We can use the predict
function to predict the values:
x1 <- seq(0, 1, 0.01)
mean_x2 <- mean(data1$x2)
x2 <- rep(mean_x2, length(x1))
newdata <- data.frame(x1=x1, x2=x2)
predictions <- predict(reduced_model1, newdata=newdata, interval="confidence")

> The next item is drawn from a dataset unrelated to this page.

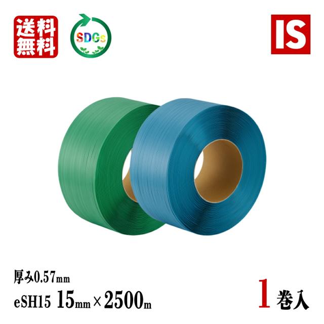 送料無料 1巻 PPバンド 手芸 バッグ 2500 緑 eSH15 幅15mm X 2500 m リサイクル 厚み0.57mm 国産 結束ヒモ 梱包バンド 結束バンド 梱包機 結束機 グリーンプラ アイエスショップ
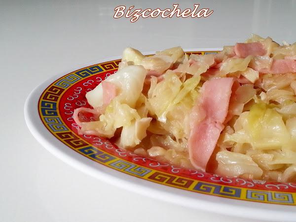4. - Las lonchas de jamón las cortamos en tiras, mientras se está haciendo la col.

And then we can plot the values:
plot(data1$x1, data1$y, pch=16, xlab="x1", ylab="y", main="Fitted Line with 95% Intervals")
lines(newdata$x1, predictions[, "fit"], col="blue", lwd=2)
lines(newdata$x1, predictions[, "lwr"], col="red", lty=2)
lines(newdata$x1, predictions[, "upr"], col="red", lty=2)
legend("topleft", legend=c("Fitted Line", "95% CI"), col=c("blue", "red"), lty=c(1, 2), lwd=2)
And the output is:
Exercise 2: MLR simulation exercise¶
The following measurements have been obtained in a study:
You may copy the following lines into R to load the data
data2 <- data.frame(
y=c(9.29,12.67,12.42,0.38,20.77,9.52,2.38,7.46),
x1=c(1.00,2.00,3.00,4.00,5.00,6.00,7.00,8.00),
x2=c(4.00,12.00,16.00,8.00,32.00,24.00,20.00,28.00)
)
a. Plot the observed values of y as a function of x1 and x2. Does it seem reasonable that either x1 or x2 can describe the variation in y?
# Load data
data2 <- data.frame(
y=c(9.29,12.67,12.42,0.38,20.77,9.52,2.38,7.46),
x1=c(1.00,2.00,3.00,4.00,5.00,6.00,7.00,8.00),
x2=c(4.00,12.00,16.00,8.00,32.00,24.00,20.00,28.00)
)
# Create scatter plots
par(mfrow=c(1,2)) # Arrange plots in a 1x2 grid
# Scatter plot for y vs x1
plot(data2$x1, data2$y, main="y vs x1", xlab="x1", ylab="y", pch=16)
# Scatter plot for y vs x2
plot(data2$x2, data2$y, main="y vs x2", xlab="x2", ylab="y", pch=16)
b. Estimate the parameters for the two models \(Yi = β0 + β1x1,i + єi, єi~N(0,σ2)\) And \(Yi = β0 + β1x2,i + єi, єi~N(0,σ2)\) and report the 95% confidence intervals for the parameters. Are any of the parameters significantly different from zero on a 95% confidence level?
# Fit the model for y ~ x1
fit_x1 <- lm(y ~ x1, data=data2)
conf_intervals_x1 <- confint(fit_x1, level=0.95)
# Fit the model for y ~ x2
fit_x2 <- lm(y ~ x2, data=data2)
conf_intervals_x2 <- confint(fit_x2, level=0.95)
# Display the results
list(conf_intervals_x1=conf_intervals_x1, conf_intervals_x2=conf_intervals_x2)
And the output is:
$conf_intervals_x1
2.5 % 97.5 %
(Intercept) -0.5426374 24.897637
x1 -3.1447959 1.893129
$conf_intervals_x2
2.5 % 97.5 %
(Intercept) -7.5580921 15.9659492
x2 -0.2957889 0.8688246
So the 95% confidence intervals are:
We notice that \(B_0\) at 95% is significantly different from zero, while the other three numbers are relatively close to zero.